The boys are really growing. I might have missed it somewhere, but can the Running Dog be repaired? Sep 2001, so much fear, devastation, uncertainty in our world already, and then to crash your plane too, how terrible. I hope you can fix her or somehow get a new one someday.

July 13, 2010 | Unregistered Commentermovha

Hi dad~ we will bring you lovely wife home on Friday. Thank you.

July 13, 2010 | Unregistered CommenterLavina

Jobe is just beyond adorable. want to pinch his cheeks!

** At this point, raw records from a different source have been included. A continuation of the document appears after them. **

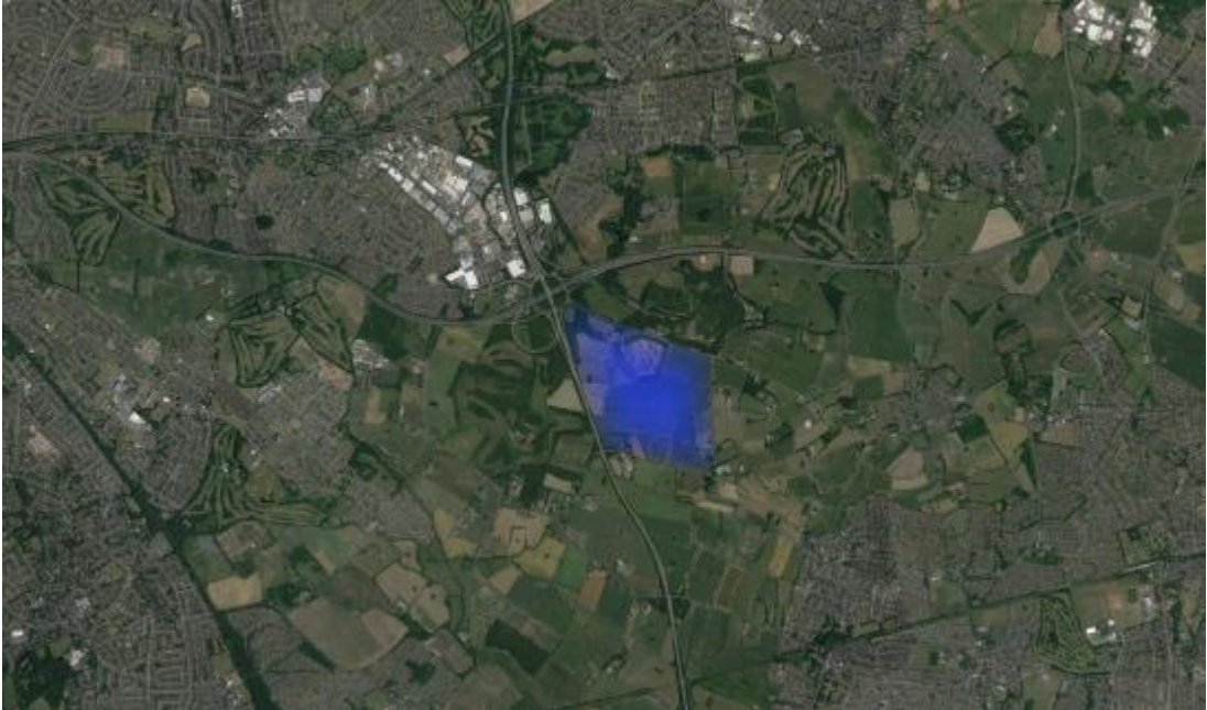
Figure 4: Area of search South of Halsnead Garden Village
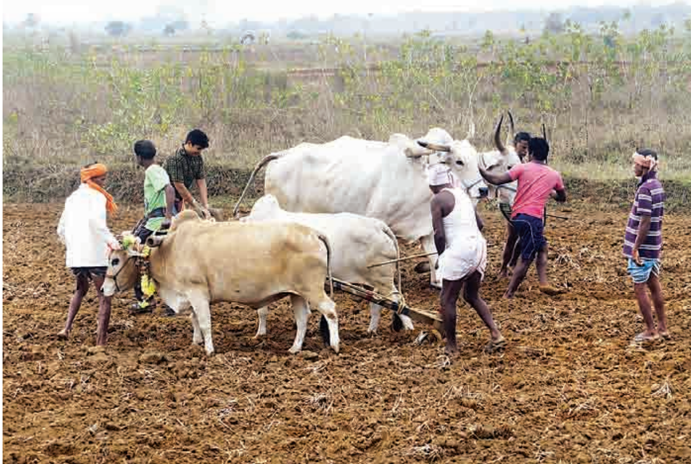
Farmers during the ceremonial act of sowing seeds in a paddy field during agrarian festival rituals of 'Akshaya Tritiya', in Khordha, Sunday, April 23.
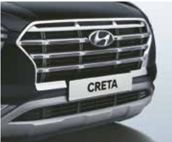
Signature Cascading Grille

With a breathtakingly beautiful and edgy design, the All New CRETA has been crafted to command respect. The bold exterior and the new masculine stance will set you apart from every other SUV on the road. No matter where you decide to go, the All New CRETA will help you stay one step ahead on the road.
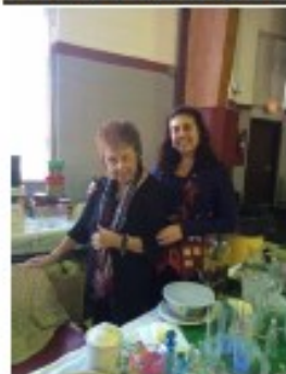
IJ Parish Clothing
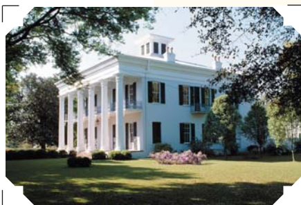
(above) Antebellum homes are part of the rich Southern tradition that abounds in Selma. (below left) A view of the historic bridge that crosses the Alabama River.

Downtown Selma is a delight. Century-old buildings that once warehoused cotton and Civil War munitions are now home to wonderful specialty shops, cafes and offices. Selma offers a host of cultural opportunities for both artist and the arts lover, thanks to the work of the Selma-Dallas County Arts Council. The Selma Art Guild Gallery , housed in a quaint turn-of-the-century cottage in the Olde Town District, exhibits paintings, intricate wooden arts, pottery, and other items by area artists.
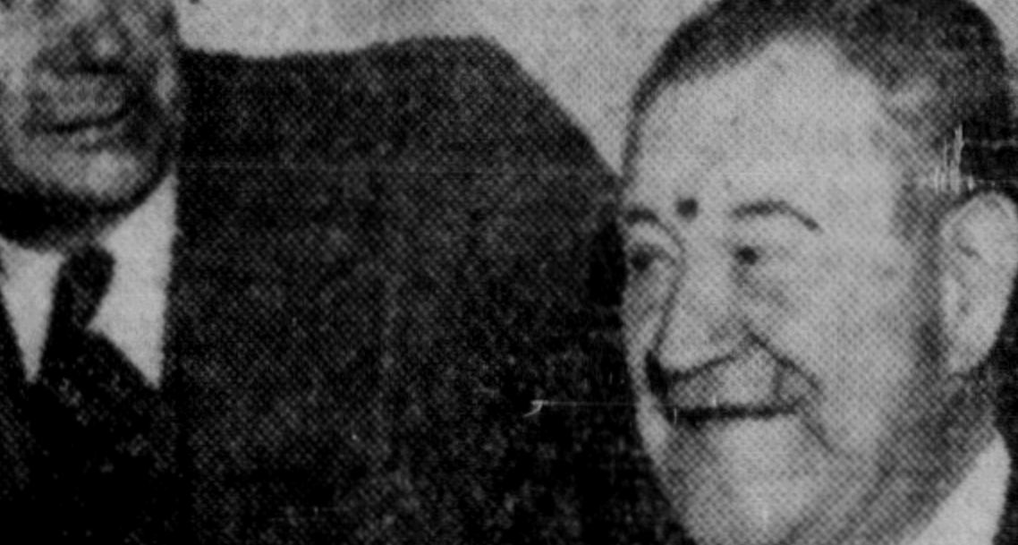
TRIO OF CHAMPS — Bobbie Rosenfeld, left, rated Canada's outstanding woman athlete of the half-century, chats with Lionel Conacher, Canada's outstanding male athlete of the half-century, and his American counterpart, Jim Thorpe, right. All three attended the Ontario Sportswriters and Sportscasters first annual celebrity dinner in Toronto.

Edmonton Mercurys defeated Sweden, the European hockey title holders, Saturday night by a score of 5 to 2. Fifteen thousand persons saw the game.
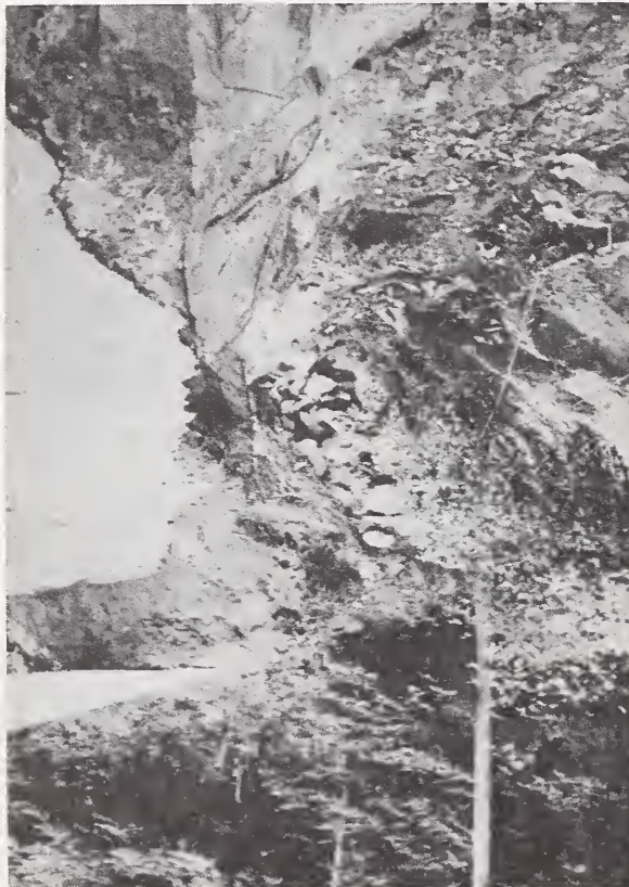
Gates Hollow culvert—destroyed
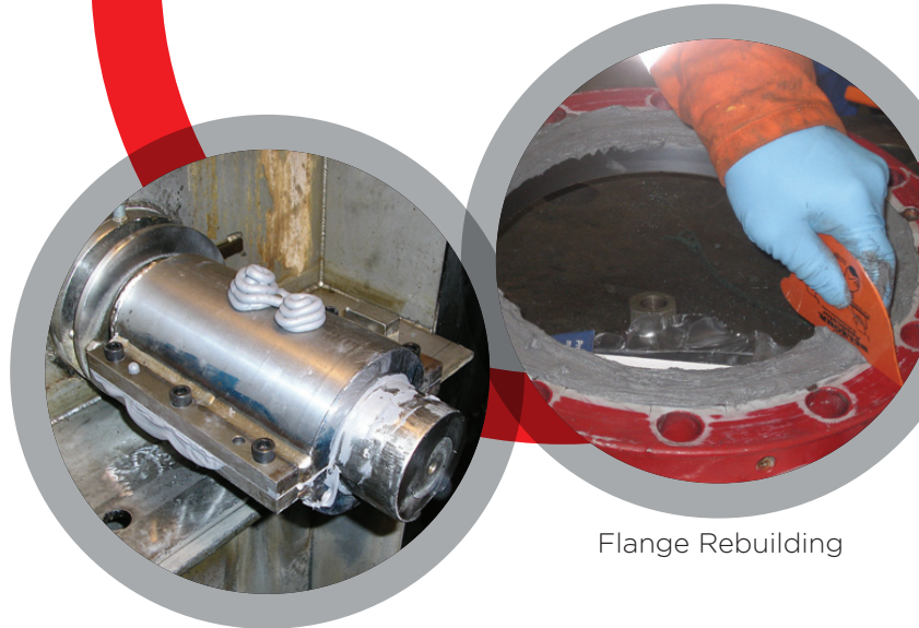
In-situ Shaft Forming
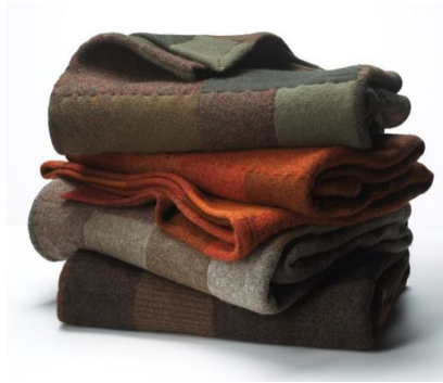
Item 16 Price: $10

Your gift will provide a blanket to keep a child or adult warm in winter.
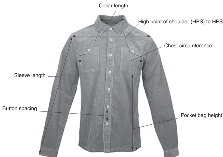
Figure 2. Product feature parameters identified for the FARM
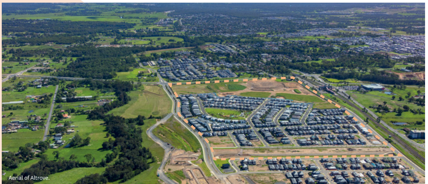
Aerial of Altrove.
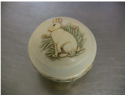
Fig. 4. Decorative urn designed by a pet cremation company for a rabbit.

Humane, stress-free euthanasia requires careful planning and implementation, especially when the owners wish to be present. The American Veterinary Medical Association Guidelines on Euthanasia for rabbits suggest the following: barbiturates, CO 2 , CO, or potassium chloride in conjunction with general anesthesia. Other listed acceptable techniques such as cervical dislocation are unacceptable to most veterinary staff and owners. 27 The author prefers the following technique, especially when owners wish to be present: induction with medetomidine at 50 µg/kg, and ketamine, 30 mg/kg administered intramuscularly. Owners are encouraged to hold their pet
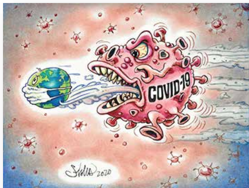
Stella Kwan Untitled 8"x10" mixed media
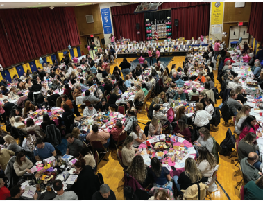
Radio Bingo guests enjoying themselves

Our parents are one of the greatest sources of support at the academy. In addition to volunteering to give tours to prospective parents at registration time, the association hosts various events that contribute to the financial stability of the academy as well as building school spirit. In October, the parents organized a highly successful Trunk or Treat event in the school yard for the children. November saw the third annual BINGO extravaganza – the last two years of which was a RADIO BINGO event – which hundreds of participants fully enjoyed. In addition to the assistance received from parents at the Christmas production, the HAA sponsored a Christmas Market open to the public as well as a Holiday Craft Sale that enabled the children to purchase reasonably-priced gifts for family members. Our attention now turns to preparations for the 145th Anniversary of the school's founding to take place on April 12.
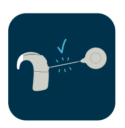
Antenna cable pull - 35 N (3.5 kg)
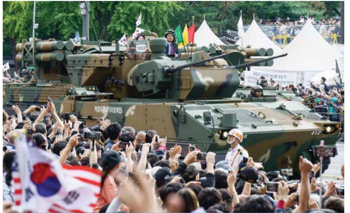
Military vehicles are seen during a parade to celebrate South Korea's 76th Armed Forces Day in Seoul on Oct 1, 2024.

SEOUL: North Korea's Kim Jong Un would face the end of his regime if he used his nuclear weapons against the South, its president said Tuesday, as Seoul staged a parade showcasing its military prowess.
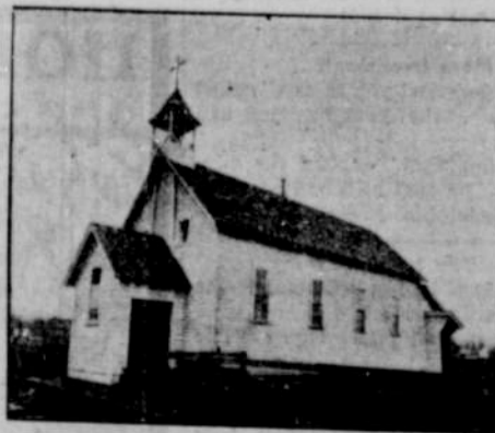
SACRED HEART CATHOLIC CHURCH.

this coming June, many of whom will enter higher schools next year.
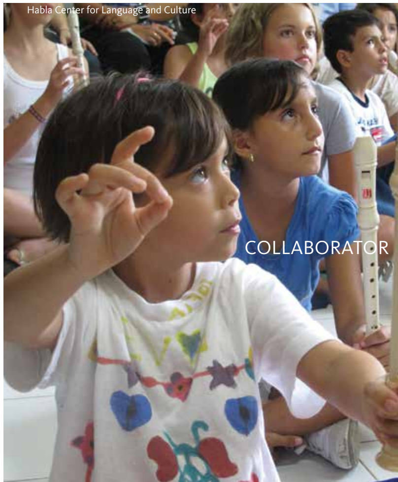
Habla Center for Language and Culture
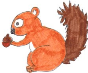
Bird or Squirrel Eating or Playing
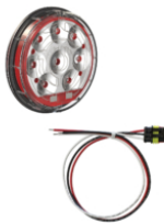
Part Number 0346264 12-24V DOT LED Heated Red Stop, Tail, & Turn Light Kit with Harness
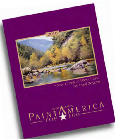
2010 Viewbook shown

6. Benefits. The benefits of this agreement shall inure to the benefit of the heirs, successors, and assigns of the respective parties.
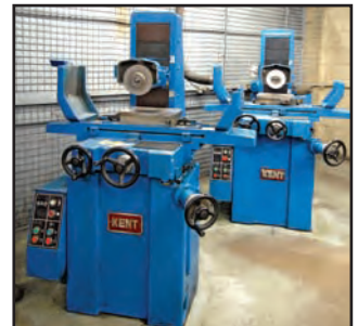
KENT 6" X 12" manual surface grinders
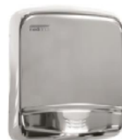
M99AC Bright finish
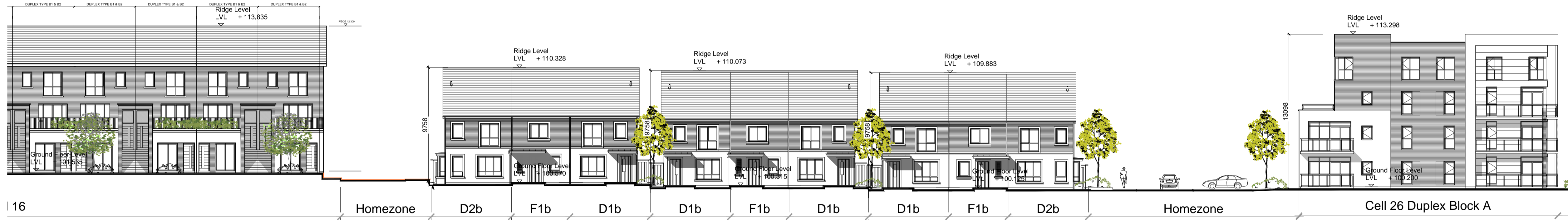
CONTEXT SECTION 3 - 3, PART 'B' Scale 1:200@A1
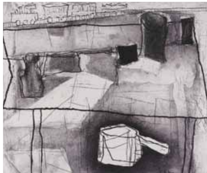
Saucepan Edition of 15 2001 Etching 21 x 24.5cm
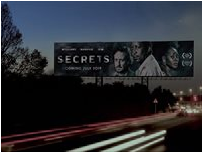
Film - Gold
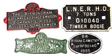
A cast iron railway sign , LNER HD7 tonnes 01040 Timber Bogie 26cm wide, and the Birmingham Railway Carriage and Wagon Company Limited Builders Smethwick 1933 and two other. (4) SOLD for £130
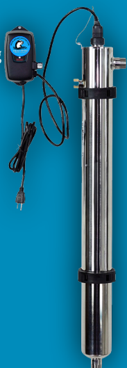
21 gpm (79 lpm) 4.8 m3/hr

Port Size: 3/4" MNPT Reactor Dimensions: 2.5" x 35.2" (6.4 x 89.5cm) Shipping Weight: 15.0 lbs (.8 kg) Lamp (Watts): 39 Power (Watts): 49 Max Current (Amps): 1
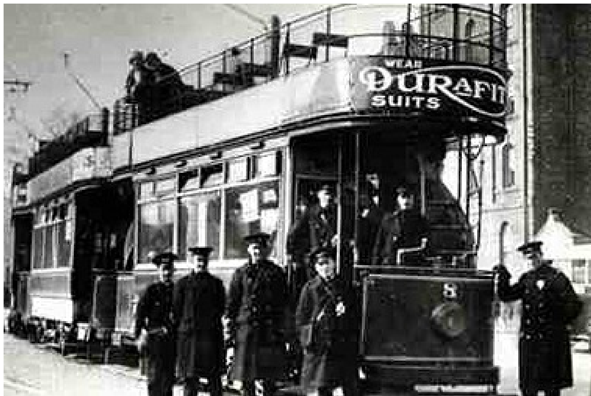
Car No. 8, destined to be Carlisle's last tram in 1931 was a 1912 UEC-built 48-seat car on Brill 21E trucks. (LTHS collection).
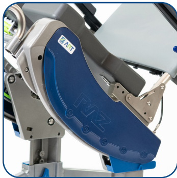
Patented, Dual-Arc Tilt Geometry

Maintains a near-constant location of the center of mass (CoM), which greatly reduces tilt effort.
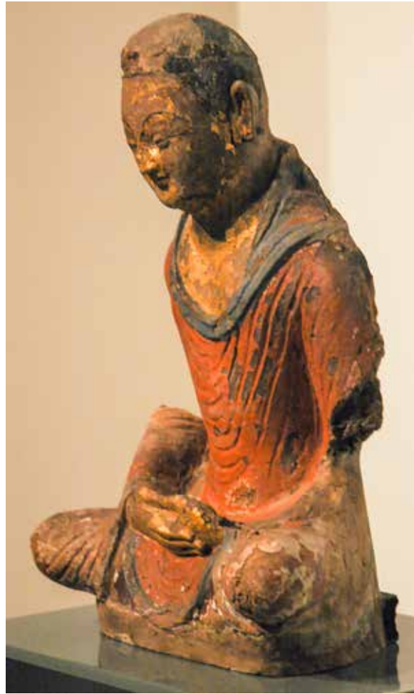
Fig. 6. Clay statue of the Buddha from Kocho Ruin Q. Collection of Museum für Asiatische Kunst, Staatliche Museen zu Berlin.
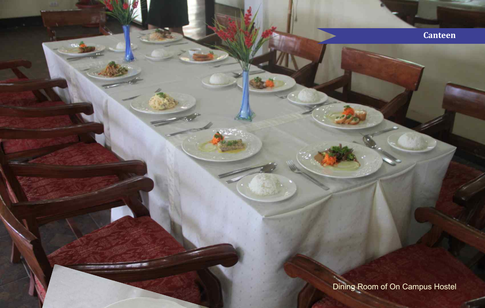
Dining Room of On Campus Hostel
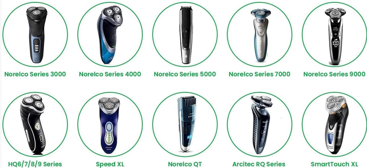
Image: Detailed list of Philips shaver series compatible with the 15V power adapter.

HQ5 Series: HQ560 HQ586 HQ568 HQ6 series: HQ6070 HQ6071 HQ6075 HQ6095 HQ6073 HQ6090 HQ7 series: HQ7290 HQ7240 HQ7120 HQ7140 HQ7160 HQ7180 HQ7260 HQ7310 HQ7320 HQ7340 HQ7350 HQ7360 HQ7380 HQ7390 HQ7100 HQ7200 HQ7141 HQ7142 HQ7143 HQ7165 HQ7742 HQ7760 HQ7762 HQ7780 HQ7782 HQ7740HQ7300 HQ7330 HQ7363 HQ7800 HQ7890 HQ7340 HQ7350 HQ8 series: HQ8140 HQ8160 HQ8170 HQ8885 HQ8890HQ8894 HQ8240 HQ8250 HQ8100 HQ8142 HQ8150 HQ8174 HQ8172 HQ8141 HQ8155 HQ8173 HQ8200 HQ8241 HQ8253 HQ8260 HQ8261 HQ8270 HQ8290 HQ8445 HQ8825 HQ8845 HQ8865 HQ8875 HQ890 HQ8894 HQ8890 HQ9 series: HQ9070 HQ9080 HQ9090 HQ9160 HQ9170HQ9190 HQ9100 HQ9140 HQ9020 HQ9161 HQ9199 HQ909 HQ912 HQ915 HQ916 HQ917 HQ988 HQ9170 HQ9190 RQ10 series:HQ9070 HQ9080 HQ9090 HQ9160 HQ9170HQ9190 HQ9100 HQ9140 HQ9020 HQ9161 HQ9199 HQ909 HQ912 HQ915 HQ916 HQ917 HQ988 HQ9170 HQ9190 RQ11 series:RQ1150 RQ1180 RQ1175 RQ1195 RQ12 series:RQ1250 RQ1260 RQ1280 RQ1290 RQ1251 RQ1286 RQ1296 RQ1297 AT series: AT750 AT751 AT890 AT89 YS series: YS523 YS526 YS536 HS8 series: HS8020 HS8420 HS8060 HS8040 HS8 series: RQ360 RQ361 RQ370

July 13, 2010 | Unregistered Commenterdahli22

i realized how much i missed seeing margie and the kids! hope i can have as great a relationship w/my ganddtr when she pops out in august as margie has w/jobe and kalib. / so you've got your broken airplane right there in the yard. how sad it must be seeing it lying there broken. if this were a movie - and who knows? - maybe we're in god's movie - you'd get it fixed in no time and take us all for a ride.

July 13, 2010 | Unregistered Commenterruth z deming

Bill Hess, never doubt!.......it is not conducive to making dreams for real.......go take a look at Running Dog again.........how do you eat a dinosaur?.......small bites at a time.

July 13, 2010 | Unregistered CommenterMGSoCal

I am privileged to have flown in the seat behind the pilot of the Running Dog. We are getting older, Bill, but we burn like young men. Young men with steady women in the seat behind us lest we crash.